**WHAT IS NEEDED**
Restate exactly the lines that run from the start of the records below to the line containing "Murano Glass And", counting both ends, and nothing else; pictures stay out.

[Collection entries]
#####

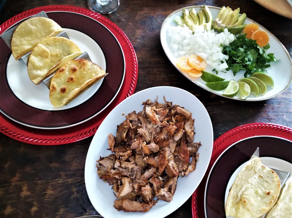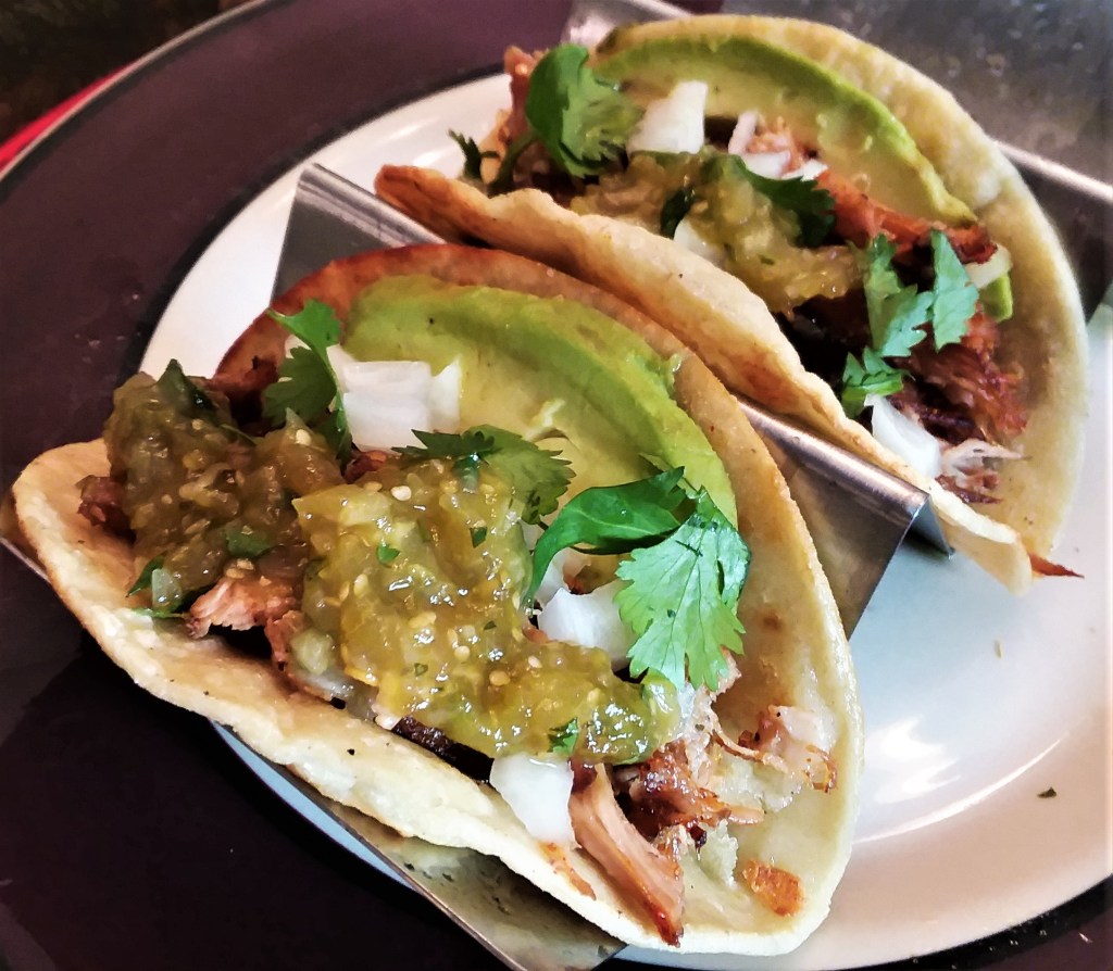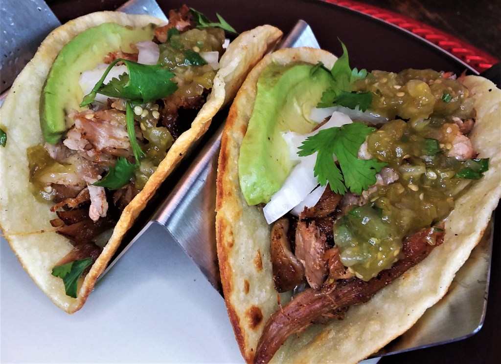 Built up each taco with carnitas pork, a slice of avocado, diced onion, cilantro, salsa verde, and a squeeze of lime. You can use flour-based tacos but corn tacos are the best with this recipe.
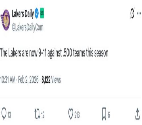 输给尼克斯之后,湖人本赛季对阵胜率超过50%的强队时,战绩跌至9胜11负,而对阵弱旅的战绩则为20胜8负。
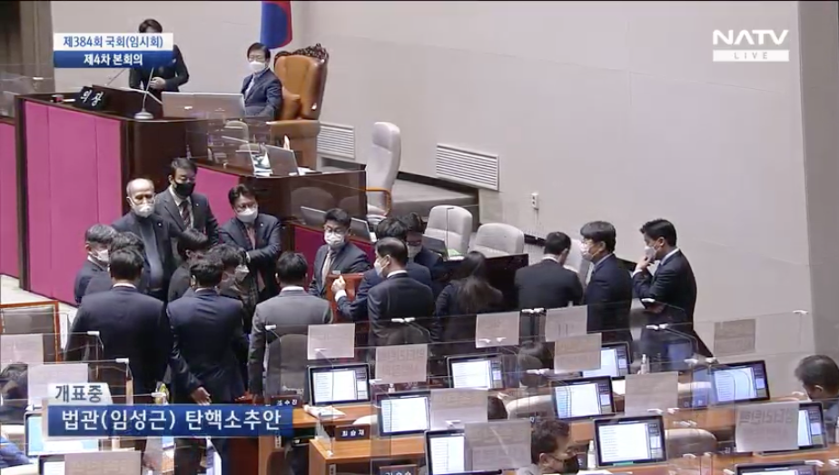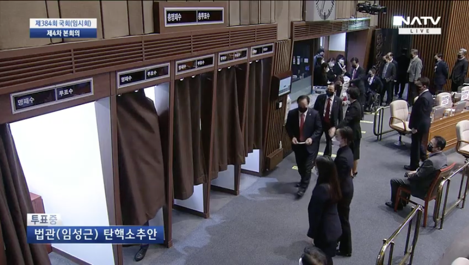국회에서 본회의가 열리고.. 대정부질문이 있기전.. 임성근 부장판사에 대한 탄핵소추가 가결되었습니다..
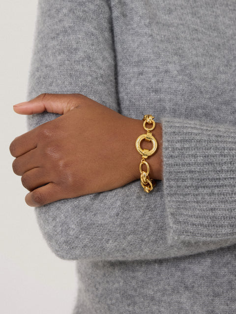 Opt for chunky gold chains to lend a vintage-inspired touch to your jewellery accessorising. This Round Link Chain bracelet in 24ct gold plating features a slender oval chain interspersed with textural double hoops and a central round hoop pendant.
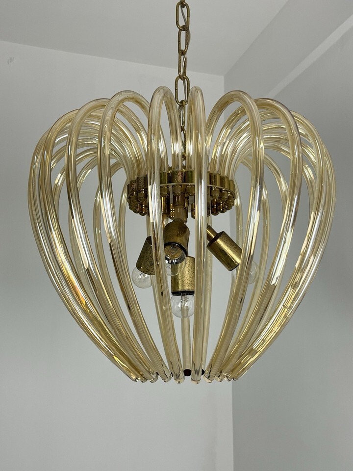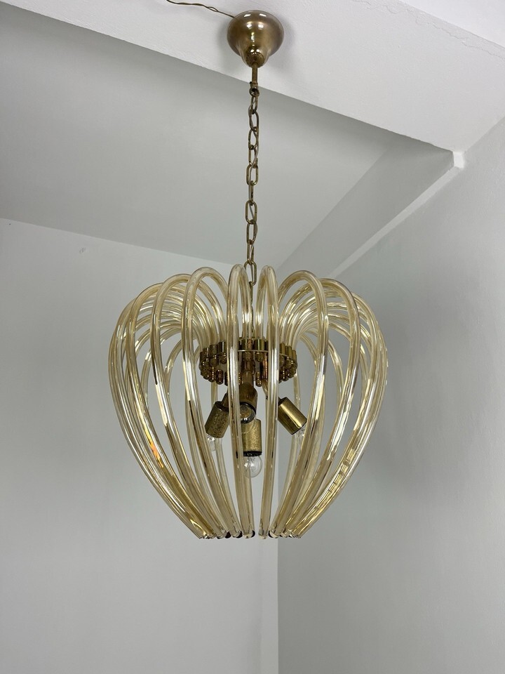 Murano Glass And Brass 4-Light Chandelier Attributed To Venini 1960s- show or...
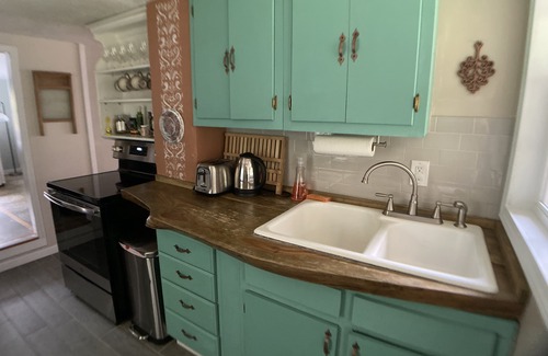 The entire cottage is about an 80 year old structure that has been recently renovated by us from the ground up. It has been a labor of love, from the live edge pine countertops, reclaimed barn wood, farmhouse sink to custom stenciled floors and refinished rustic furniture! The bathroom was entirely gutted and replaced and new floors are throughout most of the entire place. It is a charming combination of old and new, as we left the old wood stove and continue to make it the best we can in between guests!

#####

**SOLUTION TO THIS EXERCISE**
 Built up each taco with carnitas pork, a slice of avocado, diced onion, cilantro, salsa verde, and a squeeze of lime. You can use flour-based tacos but corn tacos are the best with this recipe.
 输给尼克斯之后,湖人本赛季对阵胜率超过50%的强队时,战绩跌至9胜11负,而对阵弱旅的战绩则为20胜8负。
국회에서 본회의가 열리고.. 대정부질문이 있기전.. 임성근 부장판사에 대한 탄핵소추가 가결되었습니다..
 Opt for chunky gold chains to lend a vintage-inspired touch to your jewellery accessorising. This Round Link Chain bracelet in 24ct gold plating features a slender oval chain interspersed with textural double hoops and a central round hoop pendant.
 Murano Glass And Brass 4-Light Chandelier Attributed To Venini 1960s- show or...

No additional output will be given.